According to the interim report it was determined that while descending to 10,000 feet (3,000 m) approximately 34 nautical miles (63 km) from the airport, the left engine failed due to reduced oil pressure. The captain took control of the aircraft, disengaged the autopilot, and verified the engine's automatic feathering. The aircraft continued its approach and landed on runway 23, but began to deviate to the right after touchdown, veered off the runway, crossed the airport fence, collided with a building, and caught fire. The flight attendant evacuated the passengers through the rear exits. The first officer was unable to save the captain and flight engineer, who were trapped and showed no signs of life. The first officer exited through the left front emergency hatch.

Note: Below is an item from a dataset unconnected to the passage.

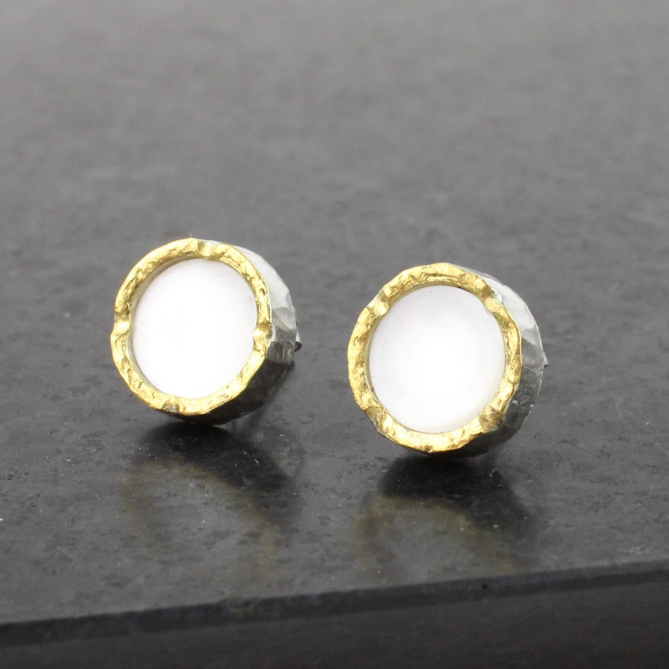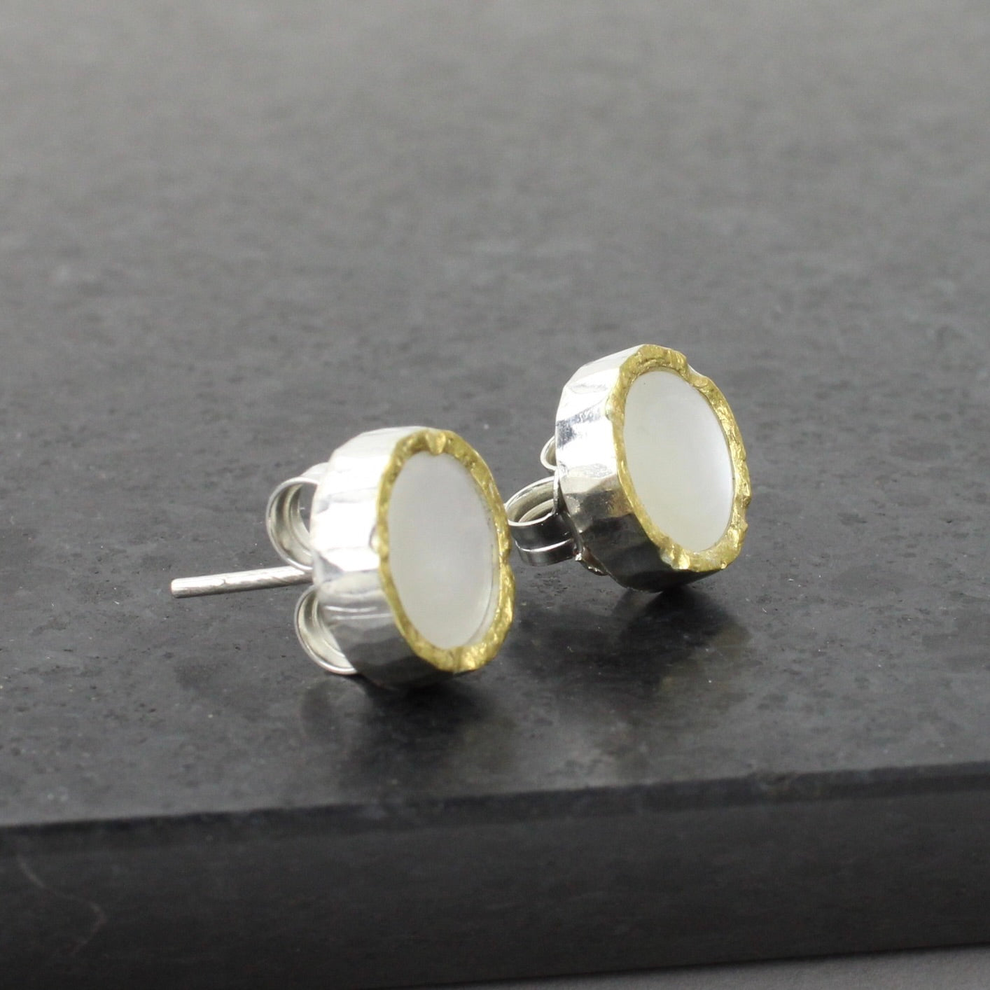 Mother of pearl set in fine silver with solid 22ct gold layered edge on sterling silver stud posts

At the same time, the IAC confirmed that because the captain of the crew became ill before the flight, the airline replaced him with an inspector pilot. The IAC also recommended that airlines conduct a one-time check of the technical condition and operability of the brake systems in accordance with the maintenance regulations on An-24 and An-26 aircraft. The committee also recommended that flight crews additionally study the process of approaching and landing with one failed engine on An-24 aircraft.